Atwood: Alias Grace

IMG_5697 Margret Atwoods Buch „alias Grace“ erzählt eine scheinbar lange zurückliegende Geschichte aus dem Jahre 1843, als in einem wohlhabenden Vorort von Toronto mehrere Motive umstritten. Vor allem an der blutjungen und bildschönen Grace Marks, die als Mörderin zum Tode verurteilt und erst im letzten Augenblick zur lebenslanger Haftstrafe begnadigt wurde, schieden sich in Kanada jahrzehntelang die Geister. Erst 1872, nach 28jähriger Gefängnisstrafe wurde Grace Marks begnadigt und konnte ihren Lebensabend in den vereinigten Staaten verbringen.

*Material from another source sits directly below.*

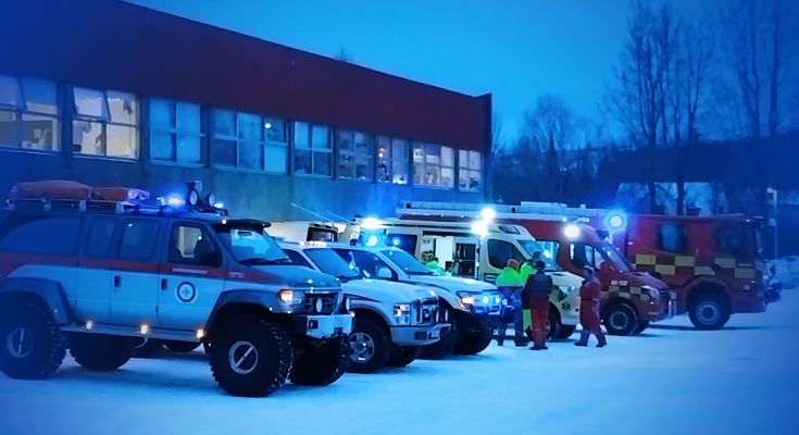 Viðbragðsaðilar á Húsavík heimsækja í dag nemendur á Leikskólanum Grænuvöllum og í Borgarhólsskóla í tilefni 112 dagsins. Það var mikil eftirvænting hjá tveggja og þriggja ára nemendum á deildinni Fossi á Grænuvöllum meðan beðið var eftir að fara út að skoða öll bláu blikkandi ljósin nú í morgun.

Grace Marks  ist  die Hauptfigur des Buches, und anhand ihrer Gestalt versteht es die Autorin, eine ganze Epoche zum Leben zu erwecken. Im Zuge einer raffiniert komponierten Erzählstruktur  werden immer neuen Teile des Mordfalles zusammengefügt, ohne dass bis zum Ende ersichtlich würde, ob Grace Marks  nun eine Mörderin war oder nicht. Der  weiblichen Hauptperson steht der ehrgeizige, aber recht wirre Wissenschaftlers Dr. Jordan gegenüber, der die inzwischen einsitzende Grace untersuchen und beurteilen soll, wobei er sich in sie verliebt und die Behandlung abbricht. In seiner Figur, der unverkennbar Züge des jungen Freud beigemischt sind, wird die ganze Unschärfe und Vagheit der psychologischen Diagnostik bis auf den heutigen Tag deutlich.      Doch ganz gleich, ob die Autorin Grace Marks oder Dr. Jordan, einen gutgläubigen Geistlichen, den trinksüchtigen Vater, die böse Nancy Montgomery,  den libertären Kinnock oder wen auch immer porträtiert –  immer halten sich Anschaulichkeit und Präzision  in der Beschreibung der Figuren mit einer vornehmen Zurückhaltung in der Bewertung die Waage. Alles in allem ein  packendes Leseerlebnis von der ersten bis zur letzten Seite. Meine Lieblingsstelle: Die  Stellungnahme  des Gefängnisdirektors Dr. Bannerling zu Charakter und Person der Tatverdächtigen, die man allen allzugutgläubigen Gutachtern  in das Stammbuch schreiben sollte ( S. 576-578 )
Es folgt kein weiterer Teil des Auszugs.